_Brief_: An acceptable answer repeats exactly the line containing "HARD-BOUND VOLUME, WITH" and all lines that follow it in the listing below, and it includes no pictures.

_Information provided_:

Start of Block

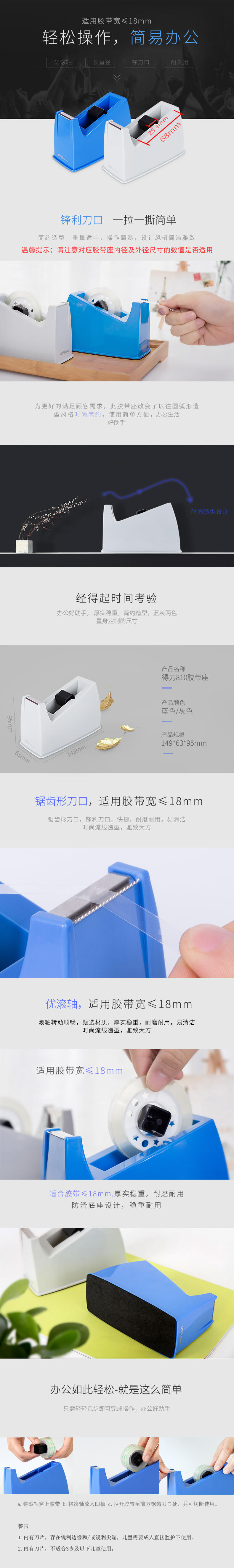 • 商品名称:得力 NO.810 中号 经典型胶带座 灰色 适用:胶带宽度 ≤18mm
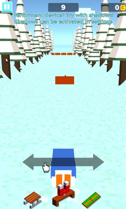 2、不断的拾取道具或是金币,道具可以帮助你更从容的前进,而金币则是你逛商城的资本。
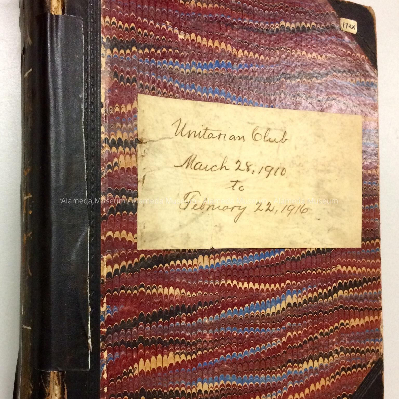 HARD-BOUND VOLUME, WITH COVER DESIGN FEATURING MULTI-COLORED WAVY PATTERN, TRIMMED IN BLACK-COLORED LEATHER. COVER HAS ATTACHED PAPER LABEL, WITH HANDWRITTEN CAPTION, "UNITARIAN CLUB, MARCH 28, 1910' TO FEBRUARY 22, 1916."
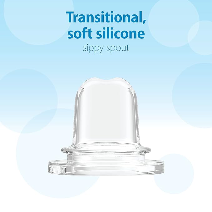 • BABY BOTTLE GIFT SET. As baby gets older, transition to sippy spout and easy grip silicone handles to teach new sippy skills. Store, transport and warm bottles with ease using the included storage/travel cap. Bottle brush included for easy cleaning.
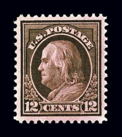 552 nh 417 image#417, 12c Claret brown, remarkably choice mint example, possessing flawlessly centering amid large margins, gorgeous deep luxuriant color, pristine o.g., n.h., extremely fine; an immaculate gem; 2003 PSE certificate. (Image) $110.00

End of Block

_Answer section_:
 HARD-BOUND VOLUME, WITH COVER DESIGN FEATURING MULTI-COLORED WAVY PATTERN, TRIMMED IN BLACK-COLORED LEATHER. COVER HAS ATTACHED PAPER LABEL, WITH HANDWRITTEN CAPTION, "UNITARIAN CLUB, MARCH 28, 1910' TO FEBRUARY 22, 1916."
 • BABY BOTTLE GIFT SET. As baby gets older, transition to sippy spout and easy grip silicone handles to teach new sippy skills. Store, transport and warm bottles with ease using the included storage/travel cap. Bottle brush included for easy cleaning.
 552 nh 417 image#417, 12c Claret brown, remarkably choice mint example, possessing flawlessly centering amid large margins, gorgeous deep luxuriant color, pristine o.g., n.h., extremely fine; an immaculate gem; 2003 PSE certificate. (Image) $110.00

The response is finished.